RECORDS TO USE ->
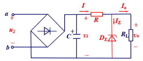 如图所示的稳压管稳压电路;u2不变,RL增大时,分析电路稳压过程。
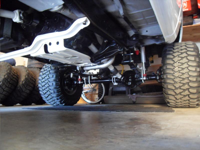 6 inch Tuff Country springs, skyjacker platnum shocks, procomp steering stablizer, superlift steering block, procomp 6% shims, custom shakles (front). 4 inch BDS blocks, procomp add-a-leafs, 9/16ths inch u-bolts, skyjacker 5000 shocks (rear). Energy Suspension bumpstops
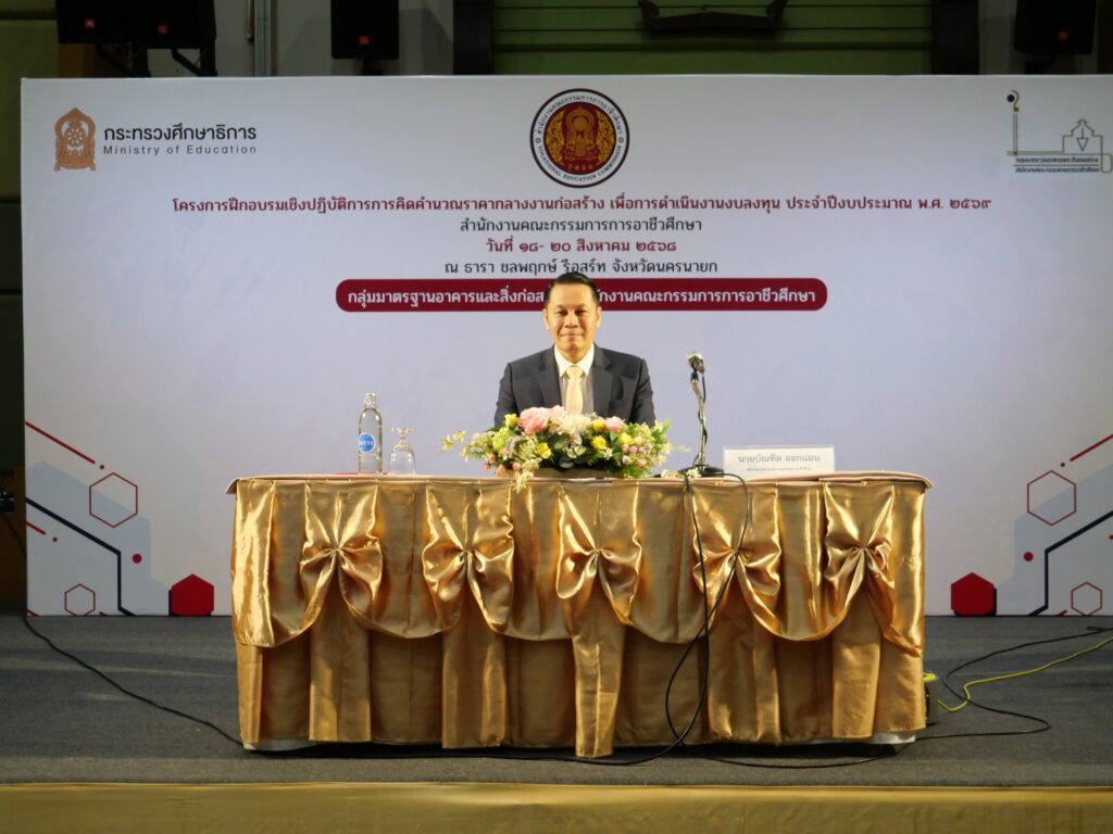 วันที่ 18 สิงหาคม 2568 นางศรัญญา สุขปลั่ง ผู้อำนวยการวิทยาลัยการอาชีพนครนายก พร้อมด้วย ผู้บริหาร คระครู บุคลากรทางการศึกษา วิทยาลัยการอาชีพนครนายก ร่วมเป็นคณะดำเนินงานร่วมกับกลุ่มมาตรฐานอาคารและสิ่งก่อสร้าง ในโครงการการฝึกอบรมเชิงปฏิบัติการการคิดคำนวณราคากลางงานก่อสร้างในงบลงทุน ประจำปีงบประมาณ พ.ศ. 2569 โดยมีนายบัณฑิต ออกแมน ผู้อำนวยการสำนักนโยบายและแผนการอาชีวศึกษา เป็นประธานในพิธีเปิด ณ ห้องประชุมราชพฤกษ์ 1 – 2 ชลพฤกษ์ รัสอร์ท จังหวัดนครนายก
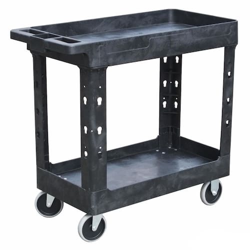 Carrinho Aberto Para Ferramentas Com 2 Prateleiras 3521 Lupus A Unidade de Armazenamento e Transporte 2 Prateleiras 3521 - Lupus, é fabricada em polipropileno, com 2 prateleiras e 4 rodizíos 2 Fixos e 2 Giratórios para movimentação. Possui compartimento adicional para ferramentas e peças de pequeno porte, ideal para oficinas automotivas, industriais e mecânica em geral.
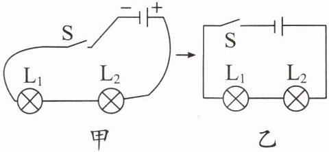 思路导引 用规定的符号替换实物图中的元器件,如图甲所示,然后再整理成规范的电路图,如图乙所示。
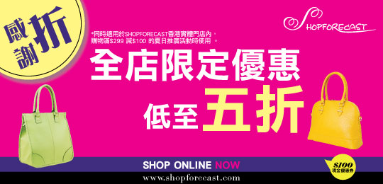 SHOPFORECAST概念店,配合充满欧洲艺术色彩的主题装潢,以楼上舖的形式为客人提供宽敞又舒适的空间亲身体验产品的特色。所有产品均与欧美加同步上市,现买满港币$500元即送礼品一份,送完即止。
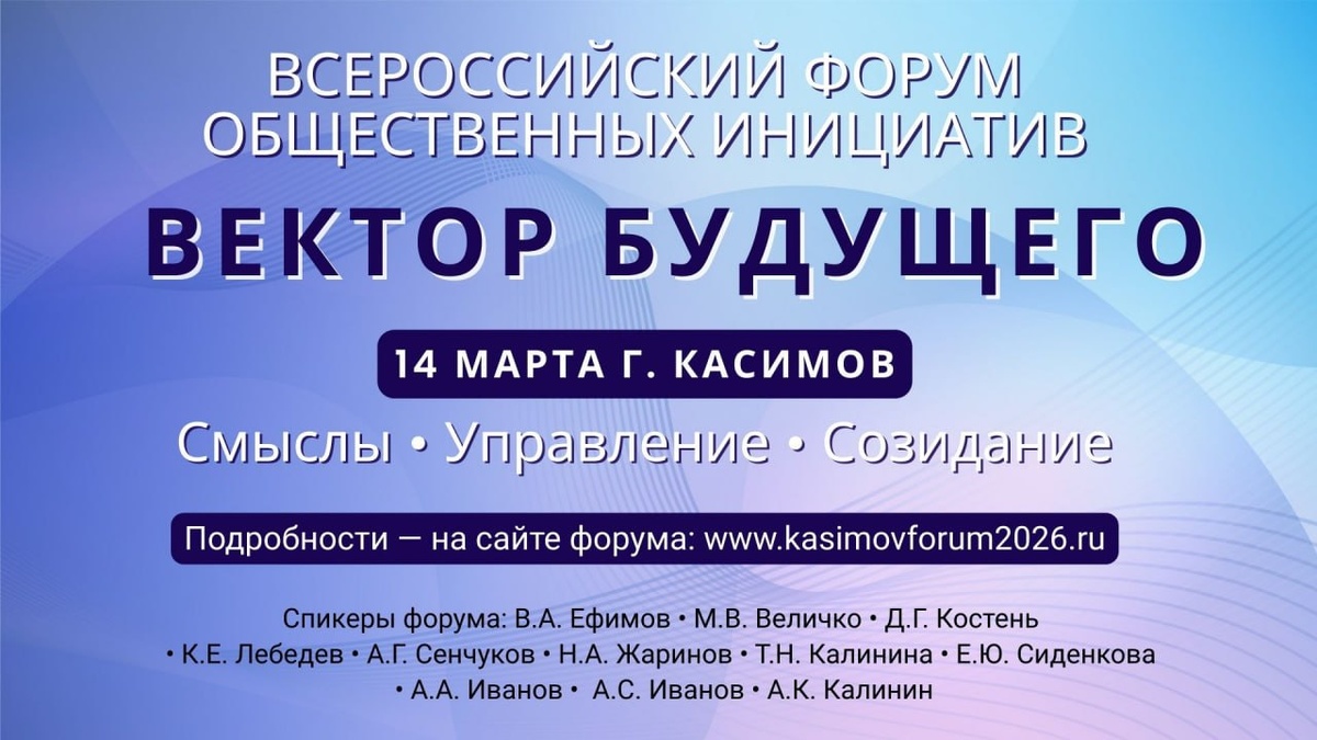 14 марта состоится Всероссийский форум «Вектор будущего» — пространство осмысленного диалога о будущем России: о смыслах, управлении, экономике, культуре и человеке как ключевом субъекте происходящих процессов. Форум создаётся как практическая площадка, где не просто говорят о будущем, а собирают работающие модели созидательного развития — от мировоззрения до конкретных решений. 🔹 Форум откроет Виктор Алексеевич Ефимов с программным докладом: «Какова роль России в процессе глобализации мира» Это разговор о суверенитете не только политическом и экономическом, но прежде всего — мировоззренческом и управленческом. Среди экспертов форума: ▶️Михаил Викторович Величко — «Экономика как объект управления» ▶️ Дмитрий Геннадьевич Костень — соавтор концепции Экосистемы Созидания ▶️Калинина Тамара Николаевна «Жить в провинции: выбор или вызов?» ▶️ Кирилл Евгеньевич Лебедев — «Образование как основа будущего» ▶️ Андрей Геннадьевич Сенчуков — «Освобождение от зависимости — как первый шаг к
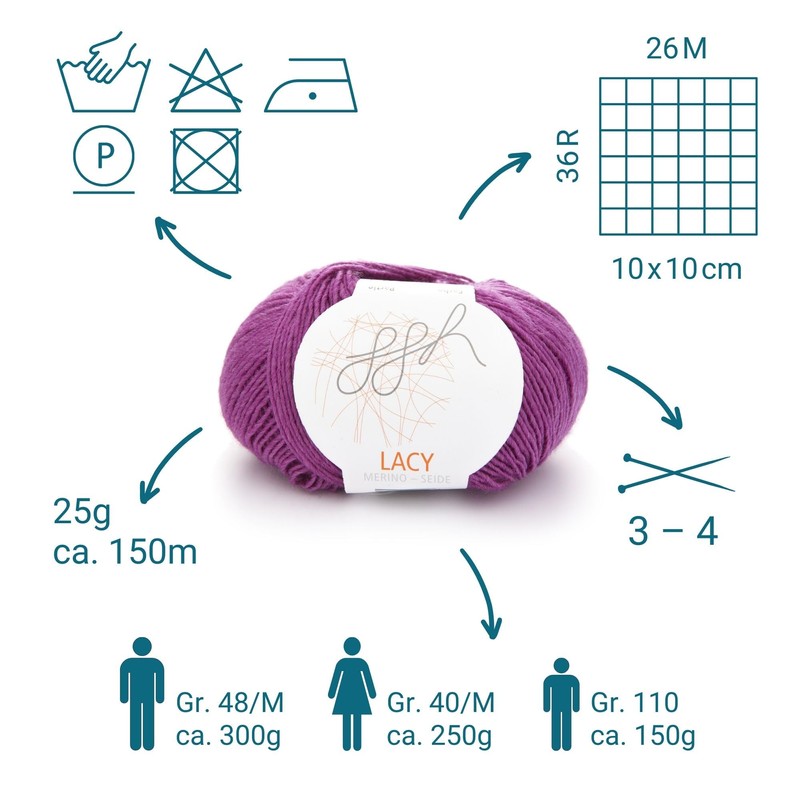 - ggh Lacy is the fine, thin lace yarn from ggh. The special thing about Lacy is its soft, smooth feel. The harmonious composition of this high-quality wool is made of fine merino wool and silk. This makes the colours particularly brilliant and gives the wool a very subtle shine.
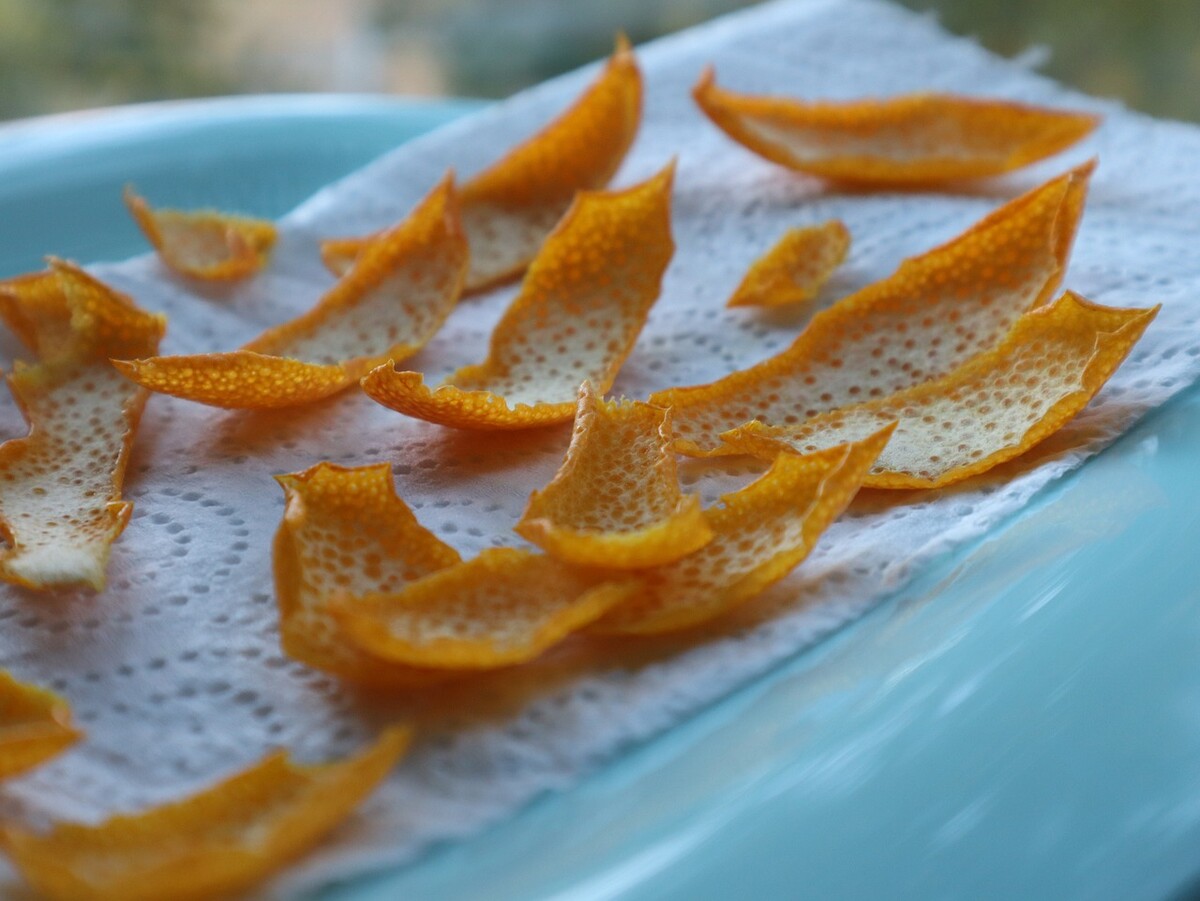 La première étape consiste à récupérer uniquement la partie orange, sans la partie blanche. Épluchez donc les écorces d’orange avec un économe. Ensuite, vous devez faire sécher les épluchures. Pour cela, vous pouvez utiliser le micro-ondes, pendant 1 minute maximum (faites attention à ce que les pelures ne brûlent pas) ou le four traditionnel, pendant une heure à 110 degrés. Si vous avez de la patience et que vous habitez une région ensoleillée, vous pouvez aussi placer les pelures au soleil dans une assiette pendant plusieurs jours.
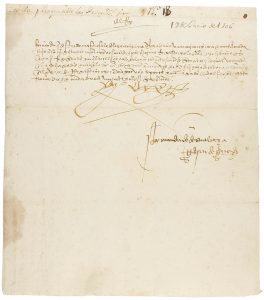 1506. (FIRMA REAL-FERNANDO EL CATOLICO). MANDATO DEL REY A FERNAN DUQUE DE ESTRADA PARA QUE HAGA EL REGISTRO DE LAS PROVISIONES Y CEDULAS REALES. Manuscrito sobre papel, 23 x 20 cm. Firma mansucrita ´Yo el Rey´. Dado el 19 de junio de 1506.
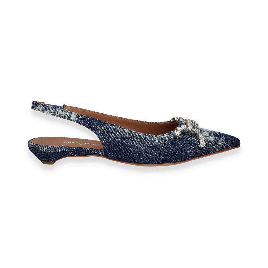 Entdecken Sie die eleganten Slingpumps von Phillip Hardy in einem modischen Jeans-Look. Diese für Damen entworfenen Schuhe kombinieren Stil und Komfort auf einzigartige Weise. Das jeansblaue Design wird durch funkelnde Schmuckdetails akzentuiert, die jedem Outfit einen Hauch von Glamour verleihen. Die spitze Form und der dezente Absatz von 2 cm sorgen für eine feminine Silhouette, die sowohl im Büro als auch bei besonderen Anlässen überzeugt.
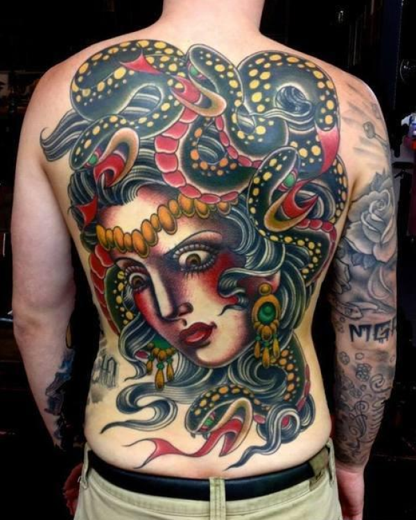 独特满背美杜沙纹身图案
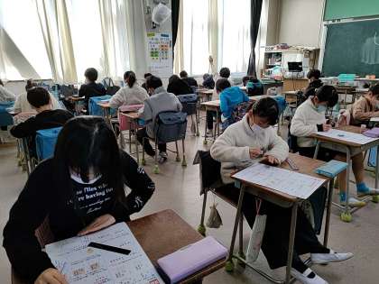 4年生は、今日、算数の時間に「小数のかけ算、わり算」のテストをしていました。

TASK ITEM -> Output exactly the lines of the listing above that start with the one holding "- ggh Lacy is" and go on through the one holding "La première étape"; leave the pictures out.

EXPECTED OUTPUT ->
 - ggh Lacy is the fine, thin lace yarn from ggh. The special thing about Lacy is its soft, smooth feel. The harmonious composition of this high-quality wool is made of fine merino wool and silk. This makes the colours particularly brilliant and gives the wool a very subtle shine.
 La première étape consiste à récupérer uniquement la partie orange, sans la partie blanche. Épluchez donc les écorces d’orange avec un économe. Ensuite, vous devez faire sécher les épluchures. Pour cela, vous pouvez utiliser le micro-ondes, pendant 1 minute maximum (faites attention à ce que les pelures ne brûlent pas) ou le four traditionnel, pendant une heure à 110 degrés. Si vous avez de la patience et que vous habitez une région ensoleillée, vous pouvez aussi placer les pelures au soleil dans une assiette pendant plusieurs jours.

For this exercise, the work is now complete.